RAG vs. Long Context
As we addressed in a previous iteration, while some argue that increasing context windows (like Gemini's 1.5 Flash and Pro, 2M tokens context window) might obviate the need for RAG, the reality is more nuanced. RAG offers several advantages over simply increasing context length by retrieving specific information rather than processing vast amounts of text and enhancing efficiency and speed.

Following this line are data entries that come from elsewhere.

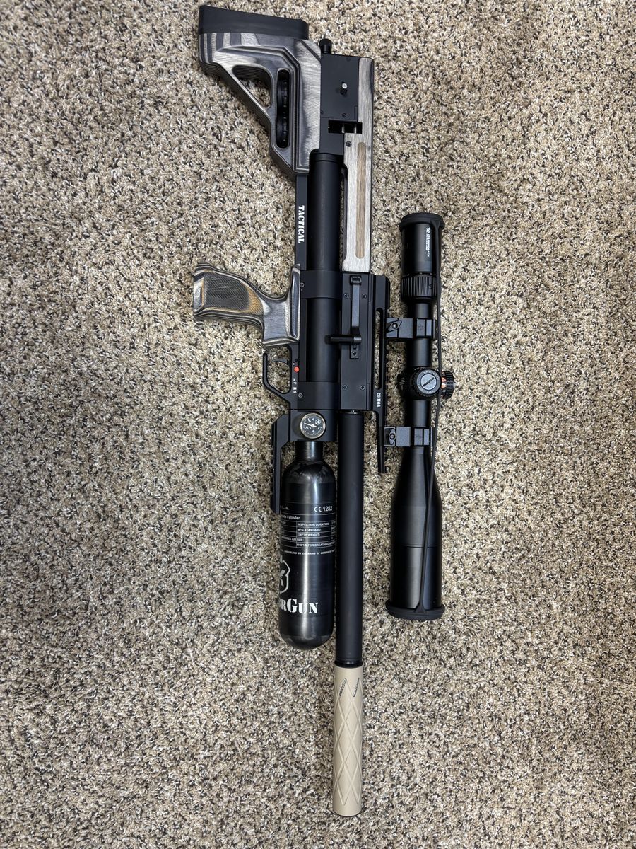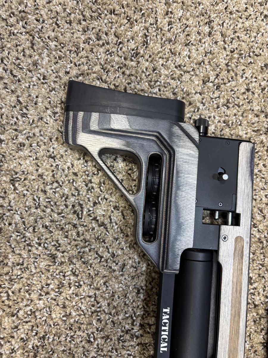 Kaliber Gun Cricket 2, tactical 45 laminate overall length is 28 inches without moderator 22 caliber. does not come with scope.
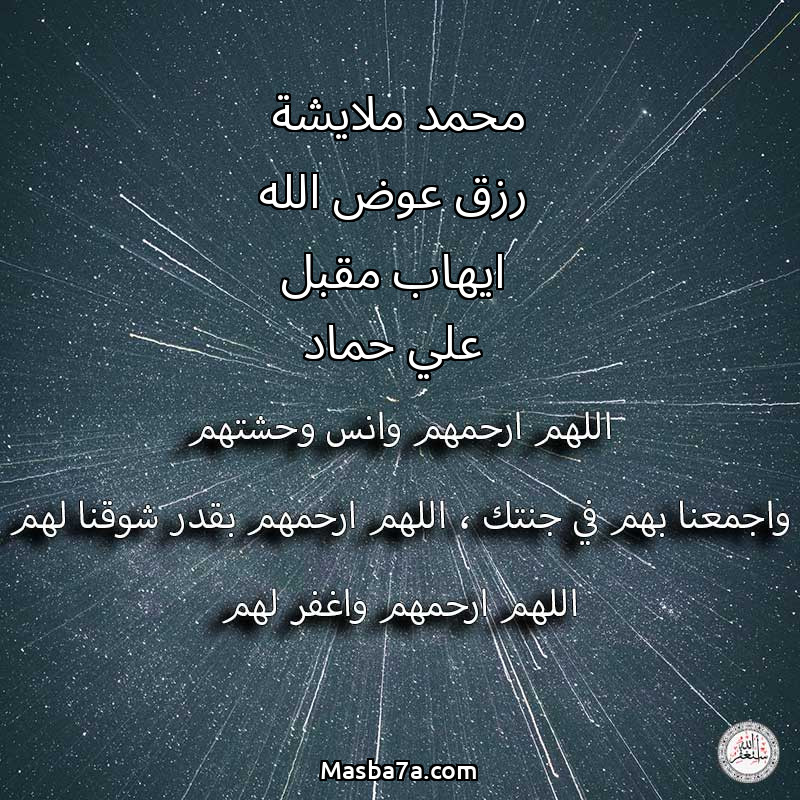 اللهم ارحم ( محمد ملايشة | رزق عوض الله | ايهاب مقبل | علي حماد ) وانس وحشتهم واجمعنا بهم في جنتك ، اللهم ارحمهم بقدر شوقنا لهم اللهم ارحمهم واغفر لهم.
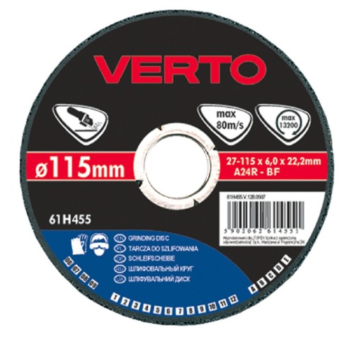 Диск шліфувальний Verto 115 x 6.0 x 22.2 мм 61H455
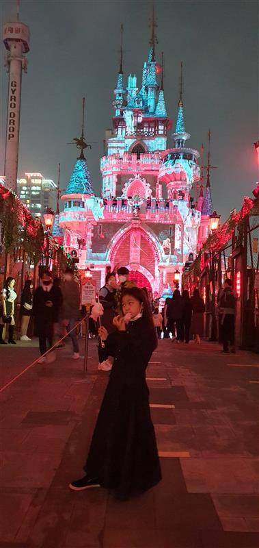 원래는 저 모습으로 다니려고했는데, 놀이기구 타고하는데 뿔이 걸리적거려서 조금 하고다니다가 벗었답니다.
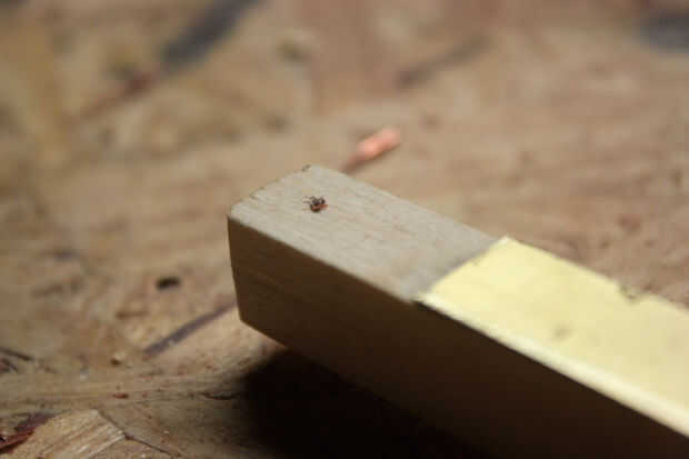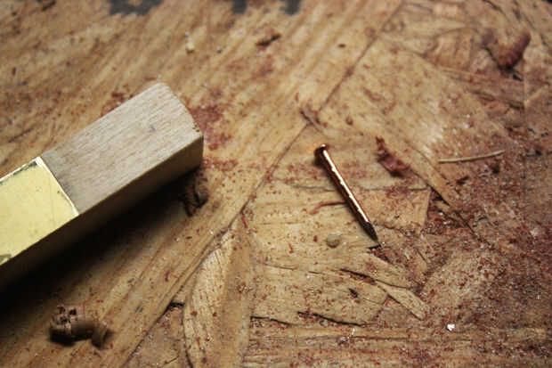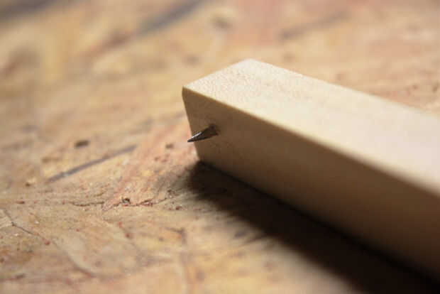 Usé una 1/16 broca para taladrar un agujero piloto cerca del extremo de la culata cuadrada como no quería que la madera para dividir. El clavo justo calcen bien bastante que no saldrá a través de un uso normal, pero poder empujar hacia fuera si necesita afilar o cámbielas.
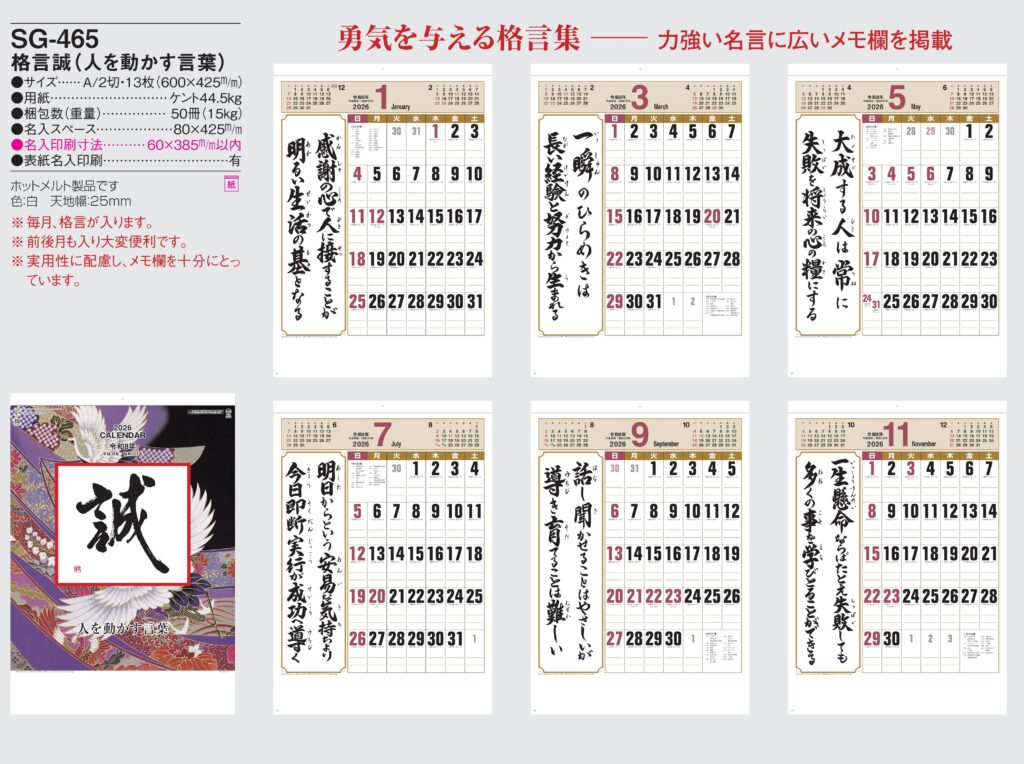 商品詳細 品番 : SG-465 A/2-13 格言誠 (人を動かす言葉) : 2026年版 < 手頃な価格で心に響くカレンダーを飾ろう!。 SG465 ◆現在メーカー【在庫豊富】 ●キャンペーン割引価格中の8月31 […]
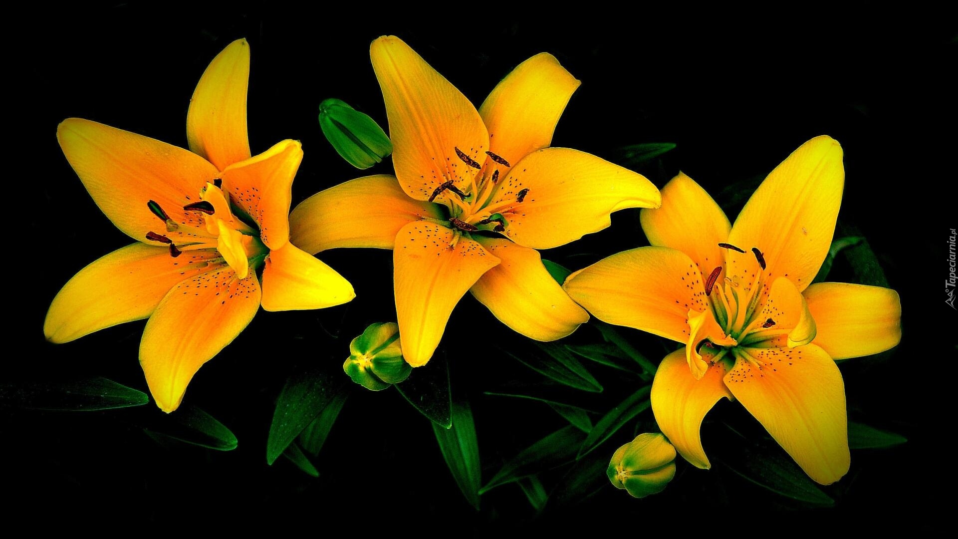 Edytor tapety: Trzy żółte lilie na ciemnym tle

RAG shines when (1) dealing with large datasets, (2) where processing time is critical, and (3) when the application needs to be cost-effective. This is especially important when utilizing an LLM through an API, as sending millions of tokens for every request to provide context can be expensive. In contrast, retrieval is highly efficient and cheap, allowing you to send just the right bits of information to your LLM.
The Future of RAG: Toward Intelligent Information Retrieval
The next frontier in RAG development lies in handling complex queries through what we might call "agentic" LLM applications. These systems can decompose complex queries into smaller components, launching multiple retrieval processes in parallel or sequence to gather comprehensive information. Ideally, automatically identifying if relevant information is missing before responding to reduce hallucinations. This approach mimics how a human researcher might break down a complex question into smaller, manageable research tasks.
Such systems represent a significant step toward more sophisticated information retrieval and synthesis, potentially revolutionizing how we interact with knowledge bases and document collections.
Conclusion
RAG isn't just another technical innovation—it's a fundamental shift in approaching AI-powered information coupling retrieval and generation. By bridging the gap between LLMs and real-world knowledge bases, RAG is helping create more reliable, trustworthy, and useful AI systems. As we continue to push the boundaries of what's possible with LLMs, RAG will undoubtedly play a crucial role in shaping the future of AI-powered information systems.